● **What you are asked to do**: Working from the top of the listing below, retype each line through the line containing "泾渭茯茶诞生于陕西咸阳,属于", both included, with no pictures.

● **Dataset extract**:

<<<<

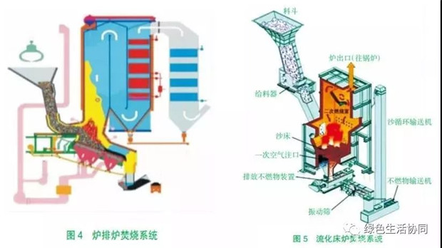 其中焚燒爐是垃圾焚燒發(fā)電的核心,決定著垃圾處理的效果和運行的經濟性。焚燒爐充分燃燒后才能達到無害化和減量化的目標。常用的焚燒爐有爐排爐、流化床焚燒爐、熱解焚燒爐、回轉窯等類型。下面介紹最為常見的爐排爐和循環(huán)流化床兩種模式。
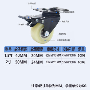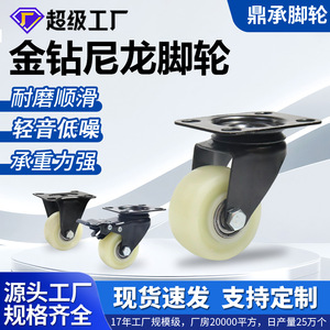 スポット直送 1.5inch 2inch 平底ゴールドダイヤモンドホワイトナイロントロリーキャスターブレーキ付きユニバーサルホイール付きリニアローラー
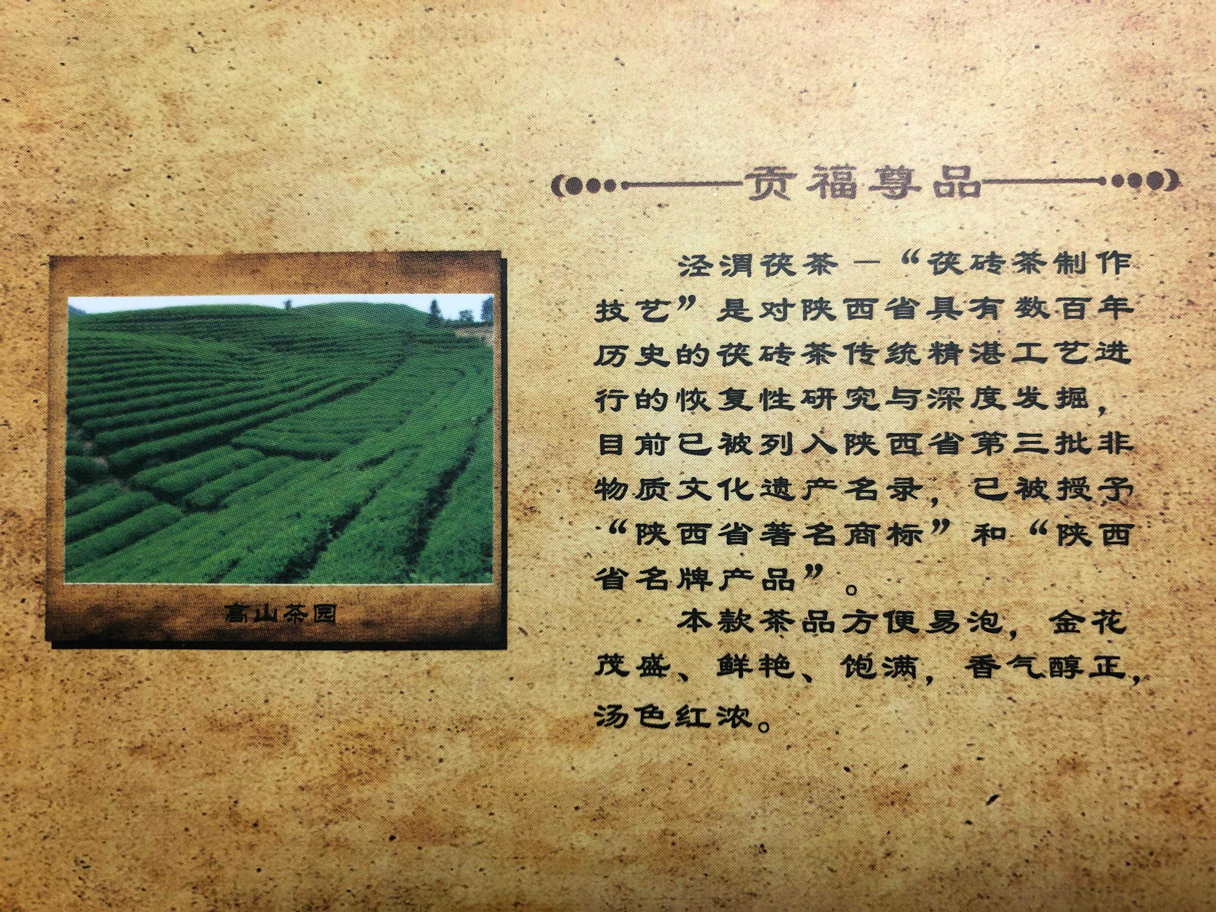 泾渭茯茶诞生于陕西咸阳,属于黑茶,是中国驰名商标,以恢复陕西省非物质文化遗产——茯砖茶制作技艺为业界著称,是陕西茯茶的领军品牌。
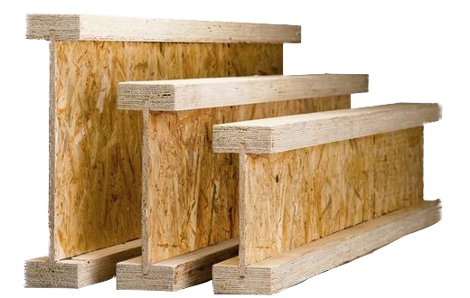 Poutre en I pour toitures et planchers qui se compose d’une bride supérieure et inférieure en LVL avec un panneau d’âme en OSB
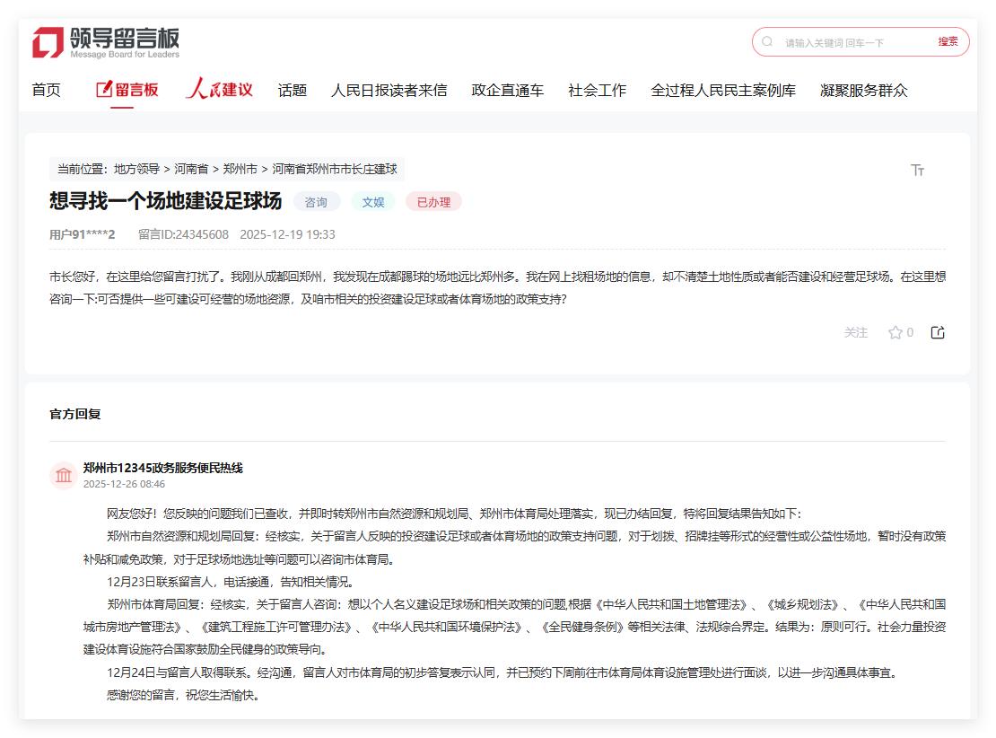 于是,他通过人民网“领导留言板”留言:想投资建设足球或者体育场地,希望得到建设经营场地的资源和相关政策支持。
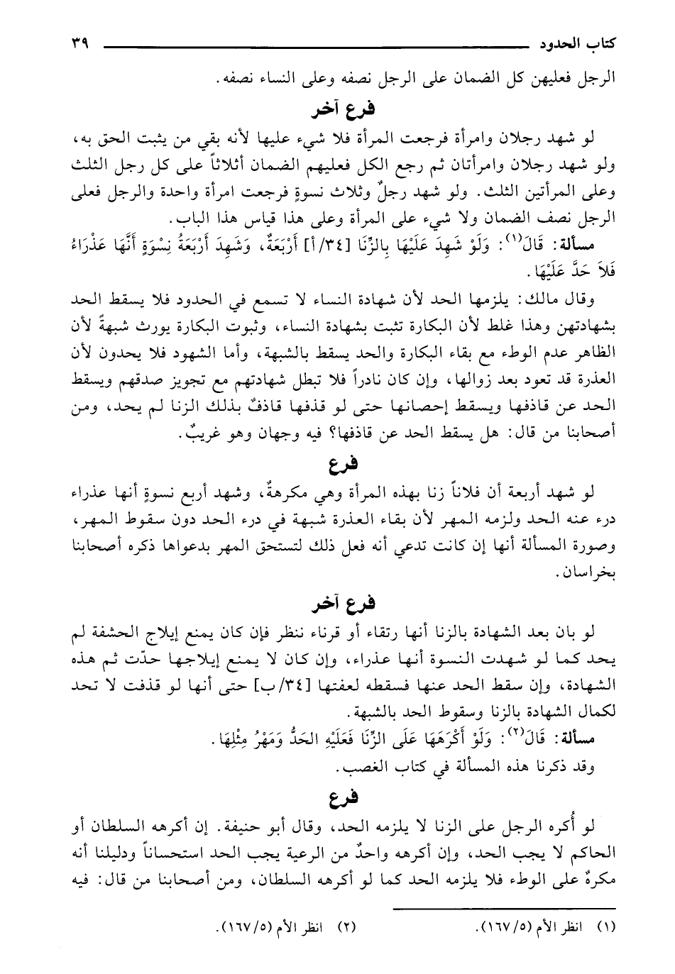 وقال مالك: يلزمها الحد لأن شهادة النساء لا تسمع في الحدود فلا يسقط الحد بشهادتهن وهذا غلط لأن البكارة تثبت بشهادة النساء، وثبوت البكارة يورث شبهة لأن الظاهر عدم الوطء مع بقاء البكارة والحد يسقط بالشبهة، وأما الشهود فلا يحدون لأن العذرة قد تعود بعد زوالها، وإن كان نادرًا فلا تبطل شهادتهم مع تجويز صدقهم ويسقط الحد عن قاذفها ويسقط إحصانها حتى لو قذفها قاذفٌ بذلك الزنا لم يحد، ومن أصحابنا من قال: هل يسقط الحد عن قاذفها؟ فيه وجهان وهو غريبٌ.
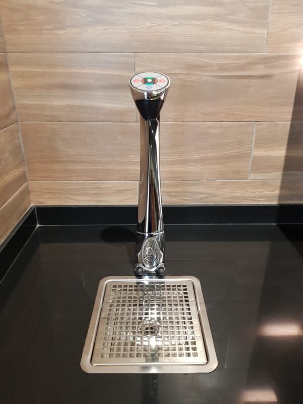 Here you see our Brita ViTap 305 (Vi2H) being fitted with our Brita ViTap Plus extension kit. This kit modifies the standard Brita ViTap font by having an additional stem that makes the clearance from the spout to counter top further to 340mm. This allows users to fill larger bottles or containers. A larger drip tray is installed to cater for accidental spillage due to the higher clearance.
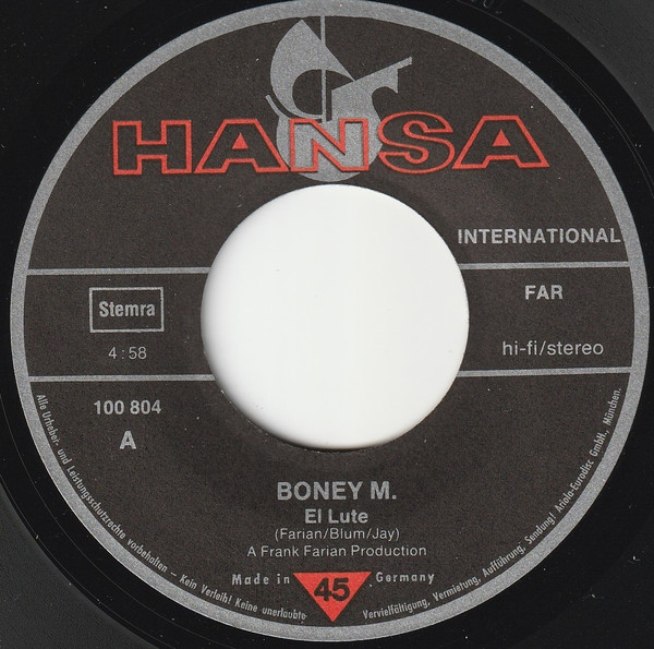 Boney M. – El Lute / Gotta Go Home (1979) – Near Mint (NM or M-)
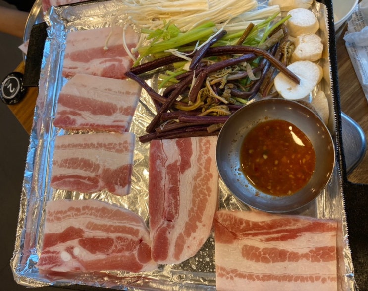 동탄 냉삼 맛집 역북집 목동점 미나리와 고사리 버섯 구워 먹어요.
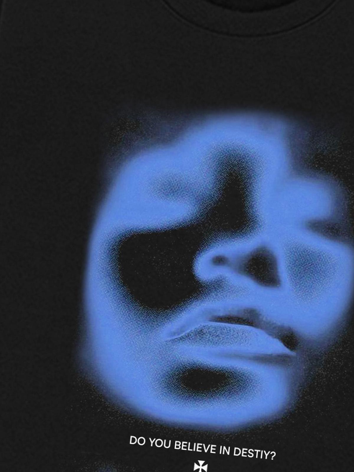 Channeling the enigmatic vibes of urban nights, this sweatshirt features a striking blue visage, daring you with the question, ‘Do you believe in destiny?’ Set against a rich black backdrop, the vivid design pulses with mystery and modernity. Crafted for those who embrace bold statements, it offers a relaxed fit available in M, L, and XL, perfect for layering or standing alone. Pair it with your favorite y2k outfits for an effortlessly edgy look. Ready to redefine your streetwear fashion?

>>>>

● **Completed task**:
 其中焚燒爐是垃圾焚燒發(fā)電的核心,決定著垃圾處理的效果和運行的經濟性。焚燒爐充分燃燒后才能達到無害化和減量化的目標。常用的焚燒爐有爐排爐、流化床焚燒爐、熱解焚燒爐、回轉窯等類型。下面介紹最為常見的爐排爐和循環(huán)流化床兩種模式。
 スポット直送 1.5inch 2inch 平底ゴールドダイヤモンドホワイトナイロントロリーキャスターブレーキ付きユニバーサルホイール付きリニアローラー
 泾渭茯茶诞生于陕西咸阳,属于黑茶,是中国驰名商标,以恢复陕西省非物质文化遗产——茯砖茶制作技艺为业界著称,是陕西茯茶的领军品牌。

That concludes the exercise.